Trichodesmium aggregation collapse inevitably leads to changes in the physical and chemical conditions of seawater that likely impact associated microbial communities. Previous studies have found a wide diversity of organisms associated with Trichodesmium colonies and Trichodesmium aggregations. Bacterial abundance on Trichodesmium filaments is threefold higher per unit volume than abundance in the surrounding water (O'Neil & Roman, 1992; Sheridan et al., 2002), and the taxonomic structure of communities associated with Trichodesmium is different than typical open ocean bacterioplankton (Hewson et al., 2009). Like algal blooms, collapse of surface aggregations of Trichodesmium causes large pulses of dissolved and particulate organic matter from dying Trichodesmium cells, leading to a shift in the sources of C and N available for co-occurring microorganisms (Rodier & Le Borgne, 2010). In addition, collapse and disappearance of Trichodesmium colonies reduces the availability of physical surfaces onto which associated microorganisms may aggregate. The large chemical and physical perturbations caused by Trichodesmium death may lead to a shift in the activity of associated microorganisms and their viruses.

The aims of the current study were twofold. Firstly, this study used high-throughput sequencing of the virus fraction of Trichodesmium aggregations upon collapse to examine the taxonomic structure of the associated viral consortia. This study compared viruses present after Trichodesmium aggregations were chemically treated (mitomycin C) to induce lysogenic viruses to the viral consortia present after containment-induced Trichodesmium lysis. The second goal was to investigate potential viruses of Trichodesmium within these incubations. Results of sequence analyses suggest that viruses capable of infecting many different phylogenetic groups were present in the treated and untreated incubations. Phages of bacterial groups previously found in association with Trichodesmium were detected, and differences in relative representation of viral consortia between mitomycin C-treated and untreated incubations suggest that viruses that arose in response to Trichodesmium lysis without chemical treatment were different than the viruses induced due to mitomycin C addition. The overall similarity between mitomycin C-treated and mitomycin C-untreated incubations, however, suggests that Trichodesmium demise may cause lysogenic induction even when no lysogen is added. No single viral genotype resembling known cyanophage made up a significant proportion of these libraries, and thus no definitive virus of Trichodesmium could be identified, leaving room for further inquiry into the cause of rapid Trichodesmium collapse.
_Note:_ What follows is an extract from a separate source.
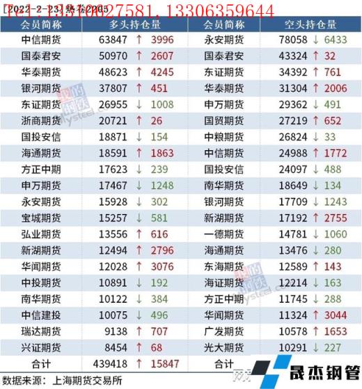 截至2月23日收盤,螺紋鋼2205收4786元/噸,跌0.71%;熱卷2205收4917元/噸,跌0.36%;鐵礦石2205收700元/噸,跌0.78%。

Sample collection and experimental setup

Experiments were conducted in the eastern Gulf of Mexico onboard the R/V Pelican cruise EK0001, 6–10 October 2009. Trichodesmium colonies were collected at 2 stations: The mouth of Tampa Bay (27°32′ 50″N, 82° 46′ 55″W) and station 9B (26°25′44″ N, 82°30′58″W), both on the West Florida Shelf. These stations were chosen because dense Trichodesmium aggregations were visible at the water surface. Trichodesmium were obtained using a 1-m-diameter, 125-μm mesh plankton net that was towed behind the vessel for 5 min to collect colonies. Trichodesmium collected by net tow were further concentrated over a 10-μm Isopore (PC, Millipore) filter and resuspended in 250 mL of 10 μm – filtered seawater in acid-washed and seawater rinsed polycarbonate bottles. At the Tampa Bay station, collected water was split into two incubations and mitomycin C was added (20 ng mL−1, final concentration) to one of the incubations, while the other incubation was left untreated. A third incubation with mitomycin C added was conducted at station 9B.
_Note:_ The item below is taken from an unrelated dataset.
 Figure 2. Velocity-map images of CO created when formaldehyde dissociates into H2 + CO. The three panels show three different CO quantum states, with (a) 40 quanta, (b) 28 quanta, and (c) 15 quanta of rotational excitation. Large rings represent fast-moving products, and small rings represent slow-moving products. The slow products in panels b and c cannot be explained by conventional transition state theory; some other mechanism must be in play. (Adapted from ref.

Trichodesmium were incubated in flow-through outdoor incubators to maintain ambient surface water temperature and subject to 25% attenuated irradiance under shade cloth for 12 h. After 12 h, Trichodesmium colonies in all incubations were green and the water pink, indicating the presence of cyanobacterial phycoerythrin in the water and thus Trichodesmium death. The entire incubation was filtered through 0.2-μm Durapore (PVDF; Millipore) filters, and the filtrate was transferred to sterile 50-mL tubes, which were frozen in liquid nitrogen until further analysis. Filtration through a 0.2-μm filter is necessary to remove bacteria and other large debris, but may have biased the composition of our metaviromic data sets because some viruses are around this size threshold, such as some phycodnaviridae (Simpson et al., 2003) as well as long-tailed siphoviridae (Sullivan et al., 2009).

Viral nucleic acid extraction and preparation

Purification of viral particles followed a modified filter-chloroform-nuclease treatment protocol (Ng et al., 2011). The 0.2-μm-filtered Trichodesmium lysates were precipitated in 10% polyethylene glycol (PEG 8000, weight/volume) at 4 °C for 24 h. The PEG-treated lysates were then centrifuged at 30 000 g for 30 min. The supernatant was decanted and pellets were resuspended in 1 mL of 0.02-μm-filtered phosphate-buffered saline (PBS). A subsample (100 μL) of each sample was filtered again through 0.2-μm Acrodisc (0.2 μm; Pall Gellman, New York) filters to insure that samples were free of potential contaminating particles (like bacteria). Chloroform (0.2 volumes) was added to each sample, which were gently agitated and settled at room temperature for 10 min. Samples were briefly centrifuged and the aqueous layer (containing purified viruses) was transferred to a new tube. The aqueous fraction was incubated with DNase (2.5 U each) for 3 h at 37 °C, after which EDTA was added to a final concentration of 2 mM. Viral DNA in the purified aqueous layer was extracted using the ZR viral DNA extraction kit (Zymo Research, Irvine, CA) according to manufacturer's protocols.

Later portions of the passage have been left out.